# Franklin Mint Pewter Star Trek Enterprise NCC 1701 Model *RARE* (BOXED & COA)



## karr1981 (Feb 5, 2011)

From a Private Collection, opened only to verify content!

Franklin Mint Pewter Star Trek Enterprise NCC 1701 Model with stand.




























From the original 1960's series. Pewter version of the Starship Enterprise. Produced by Franklin Mint.


Approximately 250mm long. All pewter sculpture with 24 carat gold plated detail. Black composite and metal stand.
Complete & Mint condition from a private collection.
all original packing and shipping / storage boxes
two boxes one for stand one for model.
Original COA and Franklin Mint Compliment note


this is a perfect example of this rare and collectable model from Franklin Mint

£100 + Free UK Shipping, pm me for shipping cost to non UK Address


----------



## ClubTepes (Jul 31, 2002)

Sorry, but I think your barking up the wrong tree around here.

Not sure that thing would fetch $5.00.


----------



## Steve H (Feb 8, 2009)

ClubTepes said:


> Sorry, but I think your barking up the wrong tree around here.
> 
> Not sure that thing would fetch $5.00.


(nevermind the fact it's in the wrong place for a 'for sale' deal, right?  )

Oh, I think it's worth more that $5 USD. I recall when those were coming out in the '80s, it was a pretty big deal. That one, it's been handled a lot, look at all the scuffing on the plate on the underside of the stand. 

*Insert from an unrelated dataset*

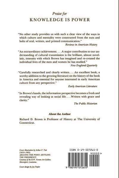 Brown here explores America's first communications revolution--the revolution that made printed goods and public oratory widely available and, by means of the steamboat, railroad and telegraph, sharply accelerated the pace at which information travelled. He describes the day-to-day experiences of dozens of men and women, and in the process illuminates the social dimensions of this profound, far-reaching transformation. Brown begins in Massachusetts and Virginia in the early 18th century, when public information was the precious possession of the wealthy, learned, and powerful, who used it to reinforce political order and cultural unity. Employing diaries and letters to trace how information moved through society during seven generations, he explains that by the Civil War era, cultural unity had become a thing of the past. Assisted by advanced technology and an expanding economy, Americans had created a pluralistic information marketplace in which all forms of public communication--print, oratory, and public meetings--were competing for the attention of free men and women. Knowledge is Power provides fresh insights into the foundations of American pluralism and deepens our perspective on the character of public communications in the United States.

It's an odd rendering, kind of a mix of the Franz Joseph and Matt Jefferies plan views and maybe a hint of the AMT kit.


----------



## BWolfe (Sep 24, 2013)

There are several on ebay right now priced anywhere from $35 to $70 USD.


----------



## Allansfirebird (Jun 16, 2007)

Steve H said:


> It's an odd rendering, kind of a mix of the Franz Joseph and Matt Jefferies plan views and maybe a hint of the AMT kit.


To me, the gridlines and typeface on the hull resemble the fan-made blueprints featured in the Ships of the Starfleet manuals.


----------



## Owen E Oulton (Jan 6, 2012)

Notwithstanding that it's a hunk of junk, it's also not a scale model and doesn't belong in a scale modelling forum - there is a die-cast collectables section to the board and it properly belongs there or at least in the eBay forum, also on the Board. That said, it's completely off-topic on this forum.


----------



## Richard Baker (Aug 8, 2006)

I forgot how horrible that thing looked.


----------



## Owen E Oulton (Jan 6, 2012)

At least it's not in as bad shape as this one that was offered on eBay for $79.99 US. The description said it was "a little scuffed".


----------



## Steve H (Feb 8, 2009)

Good lord! I know pewter is a soft metal and all but how the heck did it bend that much and not just break?!


----------



## FlyingBrickyard (Dec 21, 2011)

Steve H said:


> Good lord! I know pewter is a soft metal and all but how the heck did it bend that much and not just break?!


From what I remember, the composition of the metal used was much closer to the mix that was often used for table top gaming figures prior to 1993. In short, there was quite a bit more lead in it which made it considerably more malleable. 

As long as the pressure was applied slowly enough and the angle wasn't too sharp, you could get it to bend pretty far without any problems.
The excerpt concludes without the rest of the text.